The ceremony began in Astoria Park, near Shore Boulevard and Astoria Park South, at 10 a.m. and concluded with a march around the area that paused at three different crash sites where victims of traffic violence were killed in the last year and a half.
Julie Huntington, one of the chairs of policy and advocacy for FSS, told 1010 WINS/WCBS 880 that the day provided people the opportunity to grieve as well as advocate for political action, demanding policy updates and infrastructure changes.
“We will call for safe streets and demand that our leaders acknowledge that every crash in this city is preventable and is a policy failure,” Huntington said.
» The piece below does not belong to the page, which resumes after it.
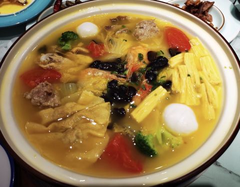 来到绍兴当然要尝尝当地的特色美食了,这家店门口就写着“绍兴人吃了17年的老馆子”。 【服务】扫码自助下单还是很方便的,上菜速度有慢,还有带提高。 「绍三鲜」当地必吃菜,量很大,品种挺丰富的,鱼丸、猪肚、火腿、鸡、虾等等,真的很鲜美~不过和在上海吃的三鲜汤差不多。 「绍兴醉鸡」鸡肉很嫩~而且醉的很入味~一份量也很足。 「桂花米酒」米酒甜甜的,带着桂花香~这个酒还是有点后颈的,对于不胜酒力的我尝尝味道就好,千万不能贪杯哦。 绍兴最有名的就是黄酒了,店里还有互动环节,可以免费品尝他家十年陈酿的黄酒~还能欣赏越剧表演

Huntington says city lawmakers prioritize the speed and mobility of cars over human lives, and noted that deaths and injuries from vehicular traffic in Queens are up 35% this year.
“The city is suffering from a lack of political will to systemically address this completely preventable crisis,” Huntington said.
At the event, FSS set aside yellow flowers for the 3,000 people seriously injured, shoes for the 80 pedestrians killed, bicycles for the 27 bicyclists killed and scooters and strollers for the 10 children killed due to to traffic violence this year in New York City.




FSS, an advocacy group made up of individuals who have been affected by traffic violence, now has several hundred members working to enact policy change. In its first year, FSS New York helped lower the city speed limit to 25 mph.
“After New York City’s speed limit was lowered from 30 mph to 25 mph, traffic fatalities fell by more than 22 percent and pedestrian fatalities fell by more than 25 percent,” according to Transportation Alternatives.
The New York chapter of FSS has partnered with Transportation Alternatives, a group that just celebrated its 50-year anniversary and aims to “reclaim NYC from cars” and advocate “for better walking, biking, public transit, and public spaces in our city.”
“Every life lost on our streets isn't just a tragedy for that single neighborhood – the waves of fear ripple out through every community,” Mayor Eric Adams wrote in a tribute post on X Sunday afternoon.
“On this #WorldDayOfRemembrance for Traffic Victims, we recommit to meaningful, lasting policies to protect life on our streets,” the post concluded.
The event in Astoria offered members of the community an opportunity to mourn loved ones. Huntington, who lost her father to traffic violence in 2019, was among them.
“His death was violent, senseless and 100% preventable. In that moment I lost my hero, my go-to-guy, one of my most trusted friends and confidants,” she said.